Recently in the system to the customer, the user asked, to be able to import Word files, now Microsoft Word has several versions 97, 2003, 2007, the three versions of the storage data format are quite different, and now 97 has basically exited the market, Few people use this version, so in our system only consider 2003 version and 2007 version, because we only want to be able to read word text content can be, the text style, pictures and other information to ignore, also do not have to directly manipulate the word file, so we choose to use Apache POI for reading.

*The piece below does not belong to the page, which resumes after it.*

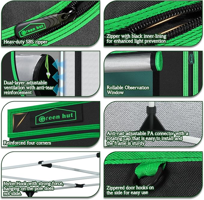 • LIGHT PROOF --- The large heavy duty Zippers & 1.5" ribbon protect the tent from light leaking and ensure durability and long-lasting use. Let you control the climate and lighting so you can grow any plant in any place safely and easily

A Word file that reads Version 2003 (. doc) is relatively simple, requiring only Poi-3.5-beta6-20090622.jar and Poi-scratchpad-3.5-beta6-20090622.jar two jar packages, and 2007 version (. docx) on more trouble, I said this trouble is not the time we write code trouble, is to import more jar package, there are as many as the following 7:
1. Openxml4j-bin-beta.jar
2. Poi-3.5-beta6-20090622.jar
3. Poi-ooxml-3.5-beta6-20090622.jar
4. Dom4j-1.6.1.jar
5. Geronimo-stax-api_1.0_spec-1.0.jar
6. Ooxml-schemas-1.0.jar
7. Xmlbeans-2.3.0.jar
4-7 of these are the jar packages that Poi-ooxml-3.5-beta6-20090622.jar relies on (found in the Ooxml-lib directory in poi-bin-3.5-beta6-20090622.tar.gz).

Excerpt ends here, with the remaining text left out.